Bewegtbild-Entwicklung:
KI warnt, bevor Zuschauer abschalten
Es gibt Filme, bei denen die Zuschauer immer an der gleichen Stelle aus- oder umschalten. Ein Start-up will mit künstlicher Intelligenz herausfinden, warum das so ist, und Videos besser auf Zielgruppen anpassen.
Als Kameramann und Produzent kennt Eugen Gross die Herausforderungen der Medienindustrie. Als ihn ein Sportunfall zu einer beruflichen Auszeit zwang, entschied er sich zusätzlich für ein Medienmanagementstudium und erweiterte so sein Know-how zu den Themen Data Science und Artificial Intelligence.

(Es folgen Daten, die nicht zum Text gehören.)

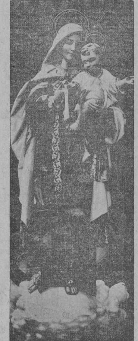
La imagen de Nuestra Señora del Carmen, que salió por primera vez en la procesión verificada anteayer.

Sin embargo, a Santander vendrá una lucida representación de su eminenencia ilustrísima.
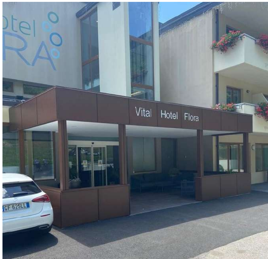
Carpenteria Metallica Leggera con rivestimento in Cor-Ten - Comano Terme (TN)
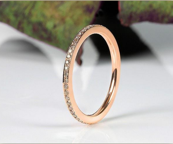
Rot Gold Brillant braun SI
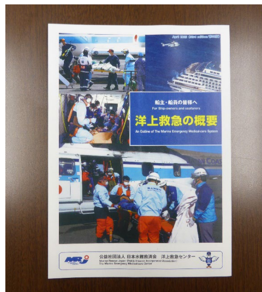
成果物の「洋上救急の概要パンフレット」
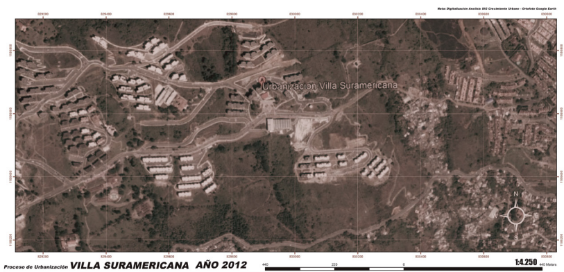
Figura 3. Villa Suramericana y alrededores (2012).
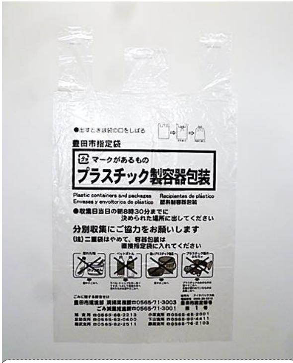
प्लास्टिकको कन्टेनर तथा प्याकेजहरू

तोकिएको फोहोर हाल्ने झोला मा हालेर झोला बाँध्ने। (指定ごみ袋に入れ、口をしぼる。)

Im Zuge seiner Masterarbeit "Optimierung von Bewegtbild-Content in Verlagshäusern – Ein Projekt zur Erhöhung der Verweildauer von Nutzern mit Hilfe quantitativer Methoden" fiel ihm auf, dass viel zu wenig Daten genutzt werden, um zu verstehen was der Zuschauer eigentlich will. "Daten müssen mehr bringen, als Zuschauer auf eine Webseite zu locken", ist Gross überzeugt. Damit war die Idee für ein Unternehmen geboren, das sich genau diesem Thema widmet.
Zusammen mit dem Neuroinformatiker Aleksander Koleski wollte Gross die Content-Produktion mithilfe moderner Technologien wie Künstlicher Intelligenz (Machine Learning) effizient gestalten. "Schon beim Fernsehen haben wir das Problem, zu erkennen, warum Zuschauer bei einer Live-Sendung abschalten", sagt Gross. Er habe sich im Rahmen seiner Masterarbeit zahlreiche Videos angeschaut und in 99 Prozent der Fälle habe es eine logische Erklärung gegeben, warum Zuschauer umschalten. "Die Frage war also: Wenn man etwas im Nachhinein erklären kann, inwieweit kann eine Künstliche Intelligenz bei der Vorhersage helfen?", so Gross.

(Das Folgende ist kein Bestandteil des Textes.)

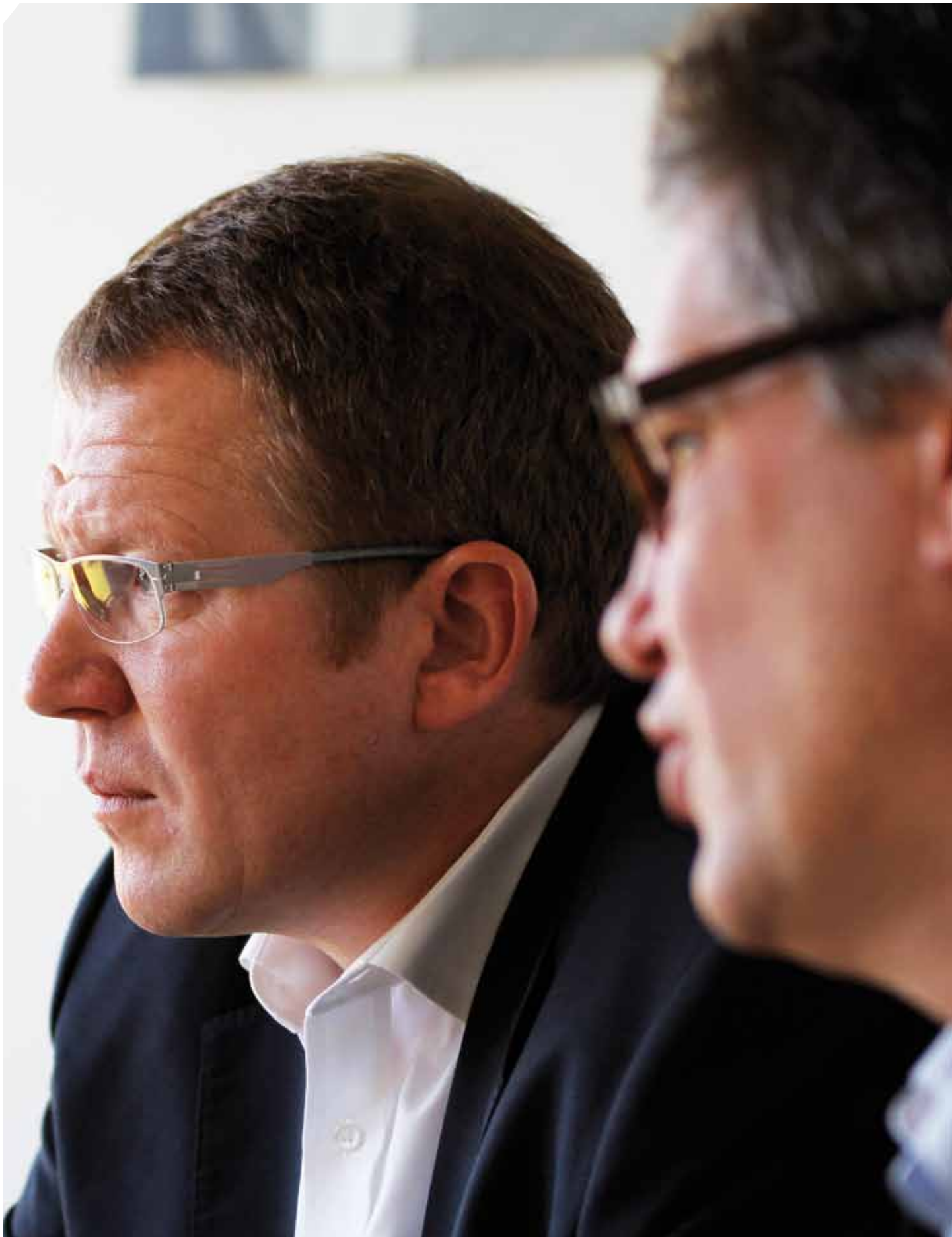
Die HYMER-Geschäftsführer beim Interview – konzentriert und gewissenhaft wie immer

Schlüsseltechnologie Künstliche Intelligenz
Den Vorteil von KI sieht Koleski in der Erweiterbarkeit: "Bei Algorithmen ist der Computer so schlau wie der Programmierer, der den Algorithmus geschrieben hat, bei KI ist er so schlau wie die Daten, die für das Training verwendet wurden." Das sei wie bei Kindern. Wenn man denen genügend Beispiele gebe, würden die auch lernen zu abstrahieren. Ausgestattet mit einem Stipendium machten sich die Unternehmer im Start-up-Dock der TU Hamburg an die Machbarkeitsplanung.
Der nächste große Schritt war die Bewerbung beim Next Media Accelerator (NMA), ein Fonds, an dem führende Medienunternehmen beteiligt sind und ausgewählte Start-ups mit Trainings- und Beratungsangeboten unterstützen. Experten stehen als Mentoren und Sparringspartner zur Verfügung. "Aus diesem Kreis der Berater kam letztlich die Aufforderung an uns, ein Minimum Viable Product, also das kleinste System mit minimalen Anforderungen und Eigenschaften, zu erstellen", erzählt Eugen Gross.
Rechenleistung aus der Cloud
Heraus kam das Programm "Aingine", das eigentlich als Zwischenprodukt gedacht war und es ermöglicht, gesprochene und audiovisuelle Inhalte in präzise Daten umzuwandeln. Diese erhalten dann ein umfassendes Labelling für eine spätere Suche. Dabei werden die Ergebnisse unterschiedlicher Anbieter konsolidiert und um intelligente Features verfeinert sowie um eigene Anwendungen ergänzt.
"Wir sehen künstliche Intelligenz als einen der Megatrends, wenn es um Tech-Startups im Medienbereich geht. Insbesondere was die Inhalteproduktion und Datenanalyse angeht", sagt Christoph Hüning, Managing Partner bei NMA, zur Förderung des Unternehmens Aiconix. "Wir wollen Deutschland und die EU als Standort für KI unterstützen und glauben, dass wir gemeinsam mehr tun müssen, um international Schritt zu halten."
Um Aingine am Laufen zu halten und weiterzuentwickeln war zudem eine entsprechende IT-Infrastruktur nötig. Neben einem Rechenzentrum stellte der IT-Anbieter Oracle unterschiedliche Cloud-Ressourcen und -Features zur Verfügung. Aiconix ist außerdem Teil des Oracle Global Startup Ecosystems, eine Initiative zur Unterstützung junger Unternehmen durch Hilfe bei der Entwicklung und Zusammenarbeit mit anderen Firmen.